# GIVEN DATA
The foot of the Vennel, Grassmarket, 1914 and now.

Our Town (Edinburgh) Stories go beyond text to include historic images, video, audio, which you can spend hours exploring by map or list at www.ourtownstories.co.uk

---

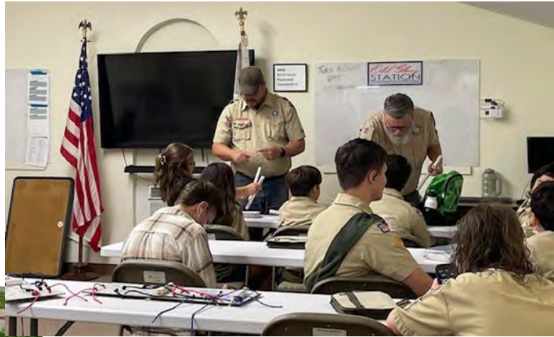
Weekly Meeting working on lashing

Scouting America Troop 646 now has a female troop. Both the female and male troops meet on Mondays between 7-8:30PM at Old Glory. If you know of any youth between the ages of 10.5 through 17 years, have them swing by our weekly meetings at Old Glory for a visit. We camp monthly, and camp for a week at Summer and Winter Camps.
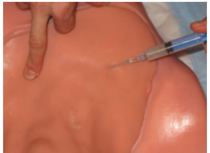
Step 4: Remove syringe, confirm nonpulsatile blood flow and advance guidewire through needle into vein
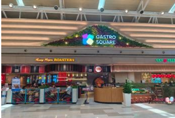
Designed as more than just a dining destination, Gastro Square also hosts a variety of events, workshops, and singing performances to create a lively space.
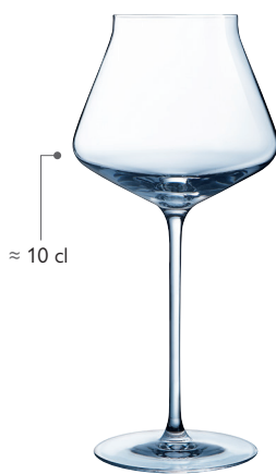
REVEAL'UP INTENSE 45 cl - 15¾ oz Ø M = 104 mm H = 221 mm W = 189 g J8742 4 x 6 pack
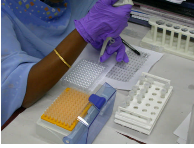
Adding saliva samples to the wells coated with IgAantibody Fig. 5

--

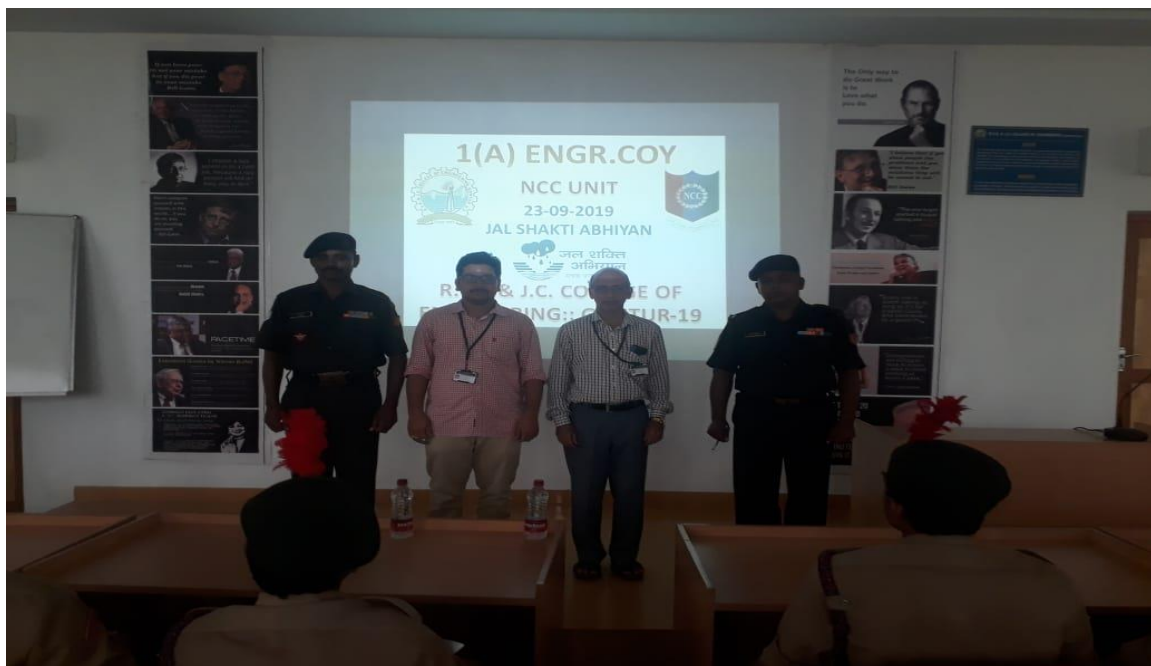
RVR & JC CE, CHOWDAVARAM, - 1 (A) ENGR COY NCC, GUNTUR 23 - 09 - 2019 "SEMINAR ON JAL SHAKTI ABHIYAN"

# TASK ITEM
Please repeat the lines of the material above exactly, starting with the line that contains "REVEAL'UP INTENSE 45" and ending with the line that contains "Adding saliva samples". Leave the pictures out.

# WRITTEN SOLUTION
REVEAL'UP INTENSE 45 cl - 15¾ oz Ø M = 104 mm H = 221 mm W = 189 g J8742 4 x 6 pack
Adding saliva samples to the wells coated with IgAantibody Fig. 5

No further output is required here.